→ Data shown
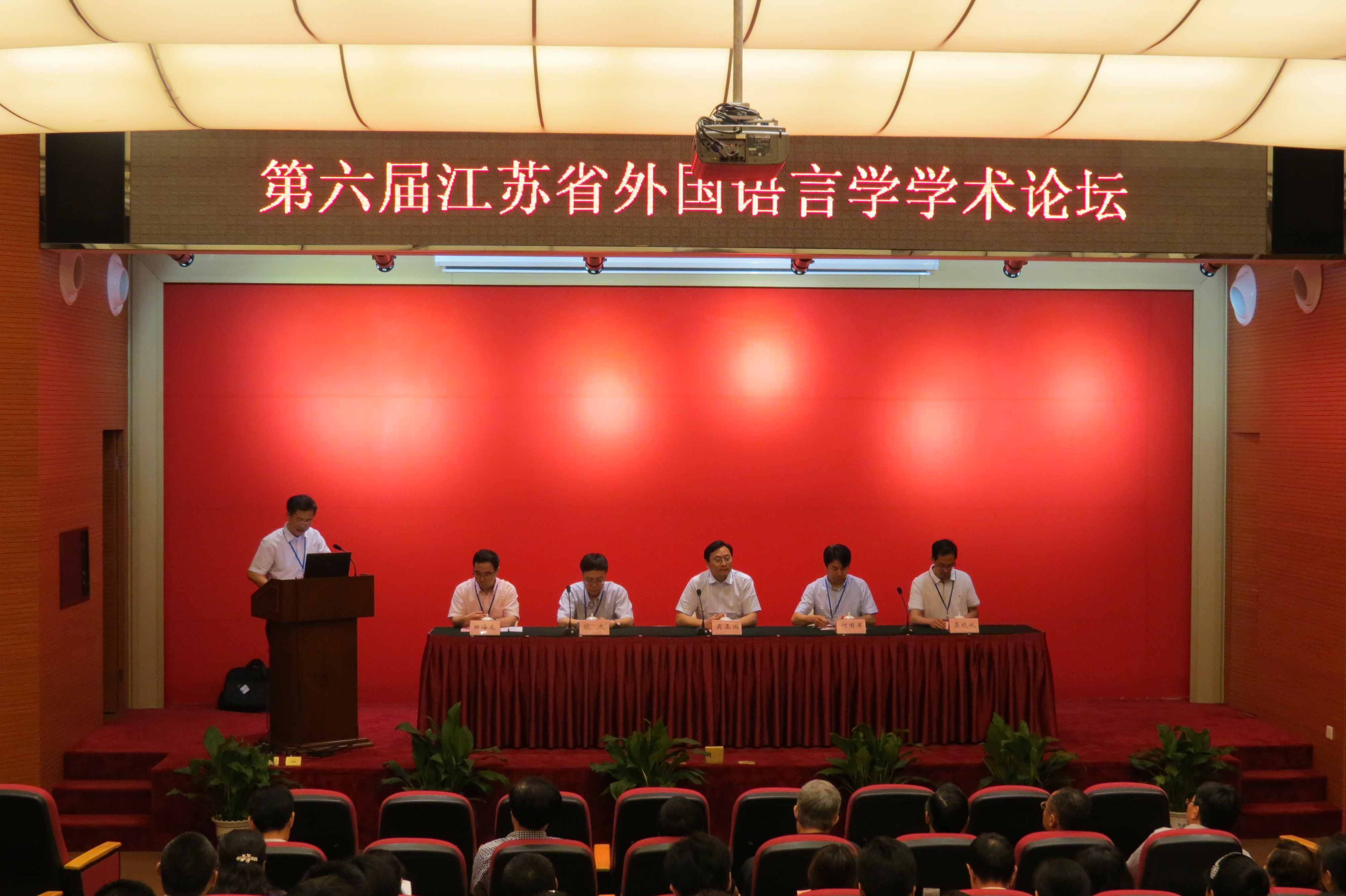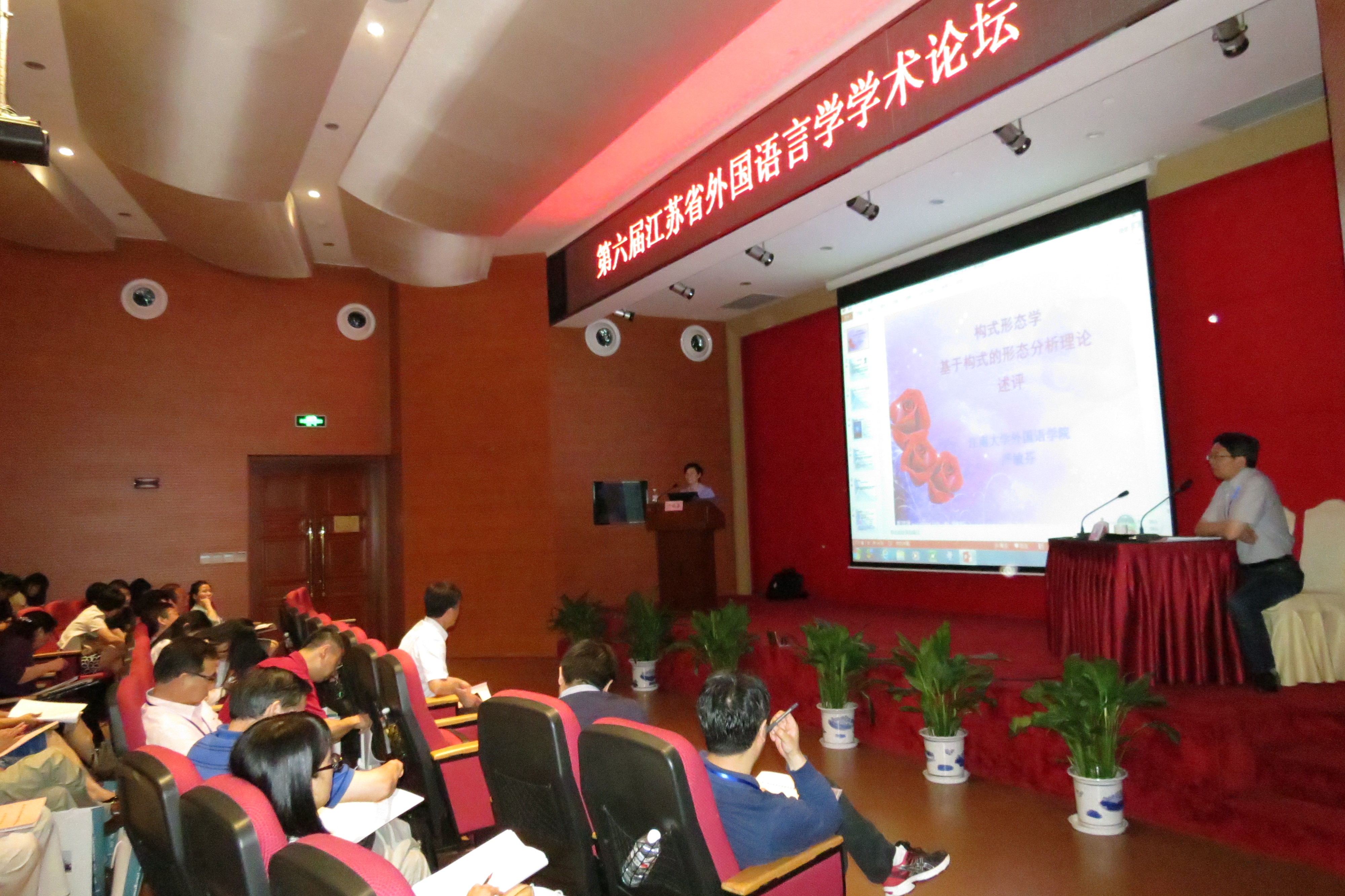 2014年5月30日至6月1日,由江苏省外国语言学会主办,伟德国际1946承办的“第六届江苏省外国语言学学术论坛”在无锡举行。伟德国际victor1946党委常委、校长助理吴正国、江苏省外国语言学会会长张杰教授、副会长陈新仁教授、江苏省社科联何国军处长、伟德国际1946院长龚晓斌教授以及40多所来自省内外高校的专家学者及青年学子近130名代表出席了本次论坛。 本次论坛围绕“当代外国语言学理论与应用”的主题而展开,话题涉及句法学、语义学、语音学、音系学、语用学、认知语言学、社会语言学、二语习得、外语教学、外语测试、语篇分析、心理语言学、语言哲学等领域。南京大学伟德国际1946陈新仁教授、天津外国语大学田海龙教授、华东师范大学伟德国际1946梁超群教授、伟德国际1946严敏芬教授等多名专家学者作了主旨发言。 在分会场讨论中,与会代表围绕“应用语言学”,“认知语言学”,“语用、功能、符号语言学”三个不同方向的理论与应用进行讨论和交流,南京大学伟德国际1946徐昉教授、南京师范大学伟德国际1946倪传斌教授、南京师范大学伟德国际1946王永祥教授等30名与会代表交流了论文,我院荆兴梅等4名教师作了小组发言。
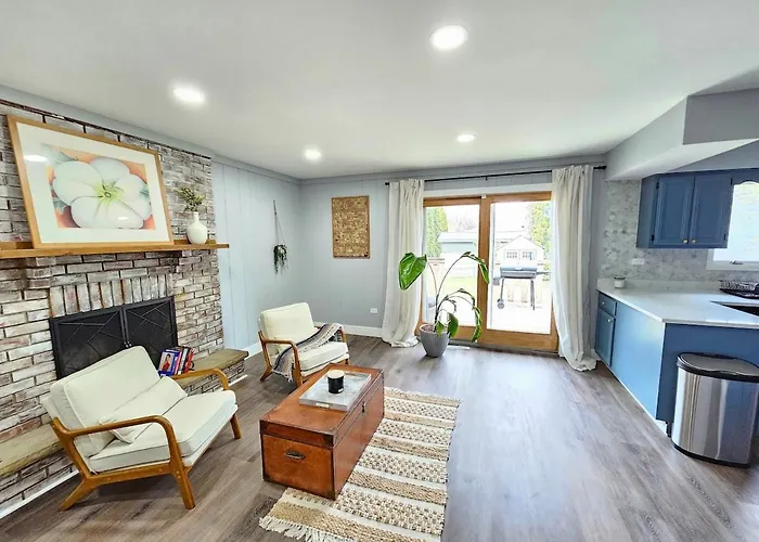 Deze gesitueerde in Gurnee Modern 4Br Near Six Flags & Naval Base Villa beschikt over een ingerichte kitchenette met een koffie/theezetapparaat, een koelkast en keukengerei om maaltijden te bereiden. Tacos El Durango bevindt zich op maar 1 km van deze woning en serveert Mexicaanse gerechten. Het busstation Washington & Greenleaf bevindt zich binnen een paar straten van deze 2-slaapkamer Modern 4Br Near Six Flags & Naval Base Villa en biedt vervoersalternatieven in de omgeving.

...

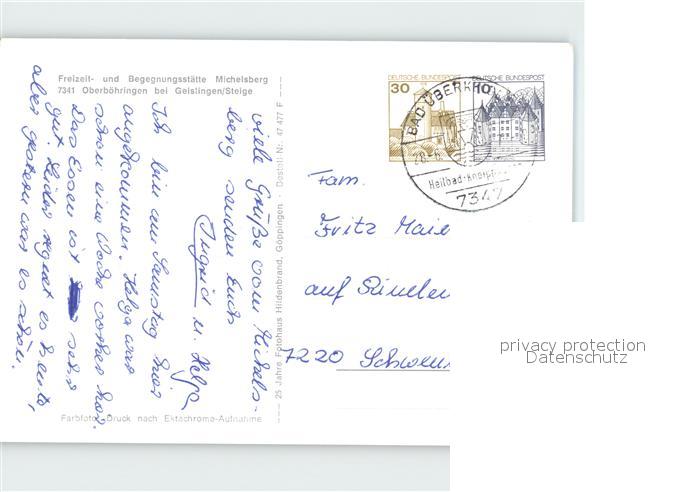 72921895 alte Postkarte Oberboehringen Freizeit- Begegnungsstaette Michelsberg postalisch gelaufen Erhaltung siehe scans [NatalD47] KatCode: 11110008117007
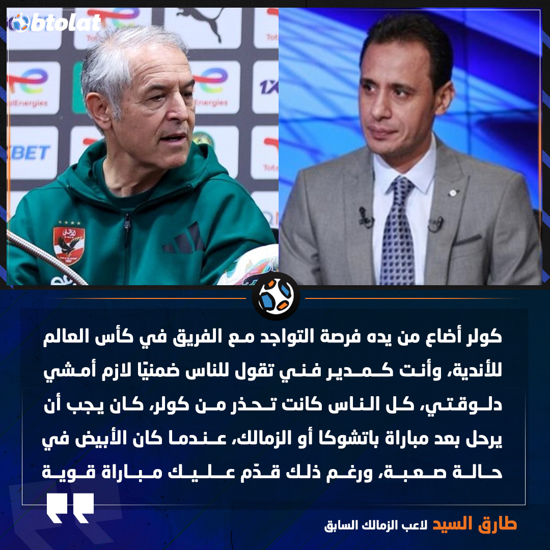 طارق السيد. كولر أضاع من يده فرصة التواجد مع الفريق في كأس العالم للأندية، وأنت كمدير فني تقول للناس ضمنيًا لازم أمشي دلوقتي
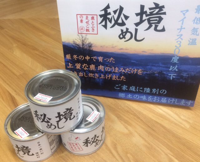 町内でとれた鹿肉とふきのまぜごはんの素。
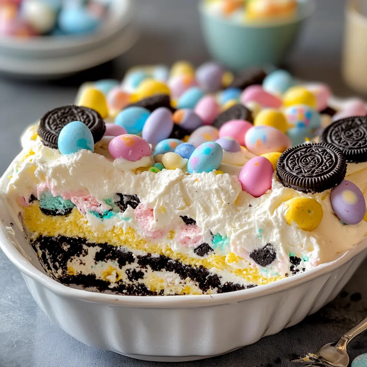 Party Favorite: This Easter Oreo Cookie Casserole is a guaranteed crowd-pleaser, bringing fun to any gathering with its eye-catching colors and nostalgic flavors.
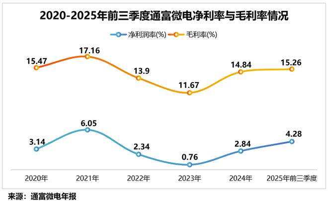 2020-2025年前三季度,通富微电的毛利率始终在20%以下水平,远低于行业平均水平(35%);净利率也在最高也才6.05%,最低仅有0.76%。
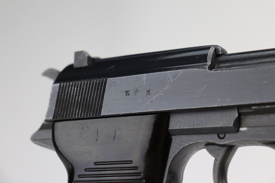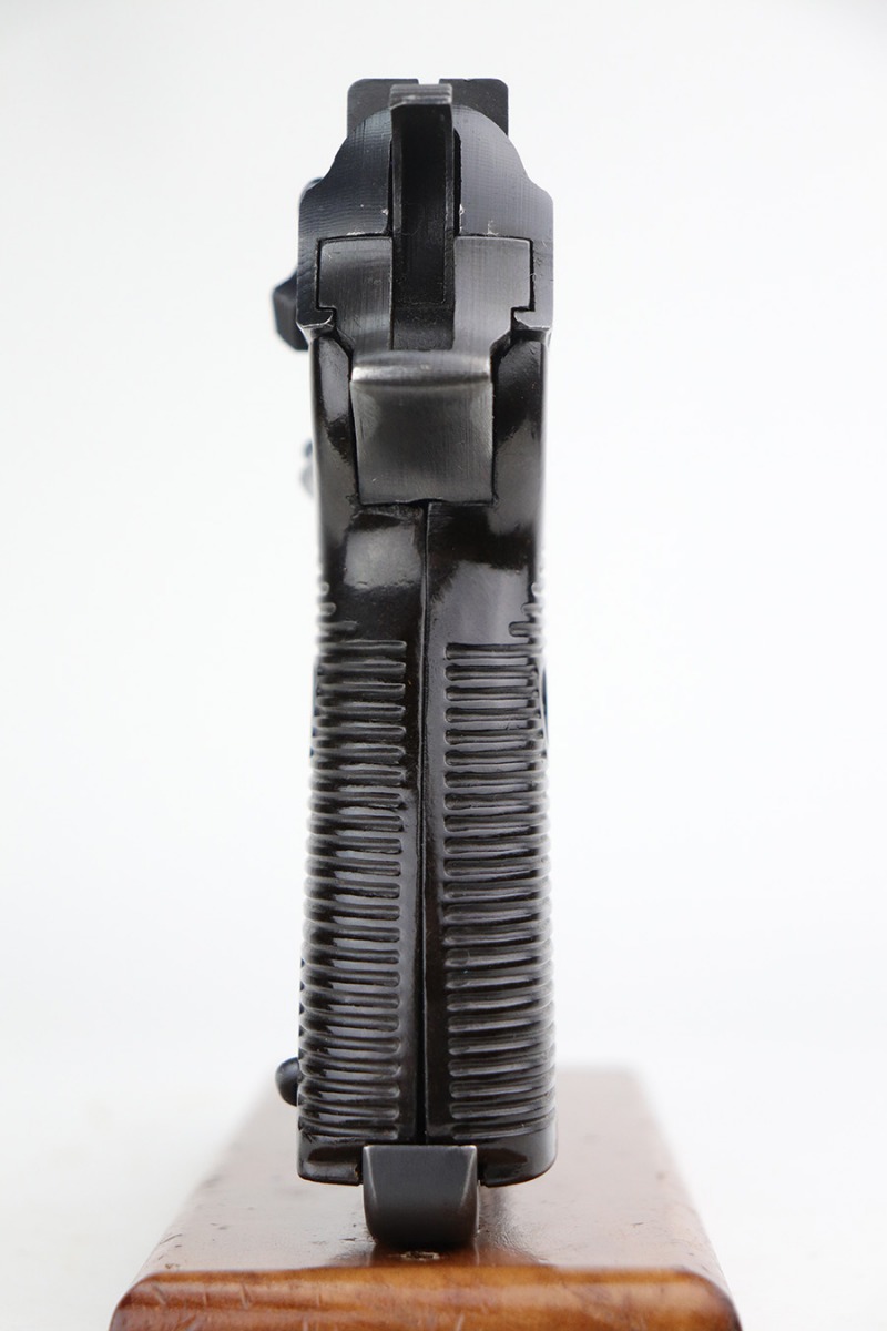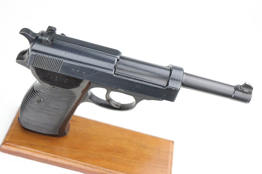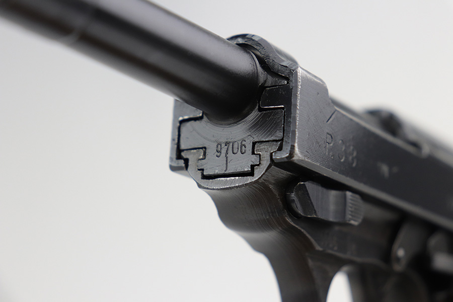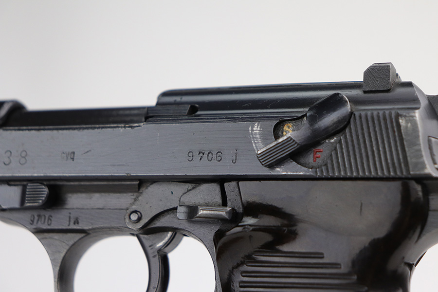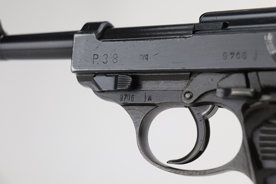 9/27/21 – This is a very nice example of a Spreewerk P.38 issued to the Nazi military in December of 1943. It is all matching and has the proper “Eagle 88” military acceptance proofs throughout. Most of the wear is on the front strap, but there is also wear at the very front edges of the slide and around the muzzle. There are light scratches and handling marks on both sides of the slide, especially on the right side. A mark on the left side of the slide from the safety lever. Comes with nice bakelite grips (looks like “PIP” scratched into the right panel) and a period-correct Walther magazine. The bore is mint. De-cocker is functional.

→ Task statement
Using the entries above, extract exactly the lines from the one that contains "طارق السيد. كولر" through the one that contains "9/27/21 – This". Do not carry over any pictures.

→ Your solution
 طارق السيد. كولر أضاع من يده فرصة التواجد مع الفريق في كأس العالم للأندية، وأنت كمدير فني تقول للناس ضمنيًا لازم أمشي دلوقتي
 町内でとれた鹿肉とふきのまぜごはんの素。
 Party Favorite: This Easter Oreo Cookie Casserole is a guaranteed crowd-pleaser, bringing fun to any gathering with its eye-catching colors and nostalgic flavors.
 2020-2025年前三季度,通富微电的毛利率始终在20%以下水平,远低于行业平均水平(35%);净利率也在最高也才6.05%,最低仅有0.76%。
 9/27/21 – This is a very nice example of a Spreewerk P.38 issued to the Nazi military in December of 1943. It is all matching and has the proper “Eagle 88” military acceptance proofs throughout. Most of the wear is on the front strap, but there is also wear at the very front edges of the slide and around the muzzle. There are light scratches and handling marks on both sides of the slide, especially on the right side. A mark on the left side of the slide from the safety lever. Comes with nice bakelite grips (looks like “PIP” scratched into the right panel) and a period-correct Walther magazine. The bore is mint. De-cocker is functional.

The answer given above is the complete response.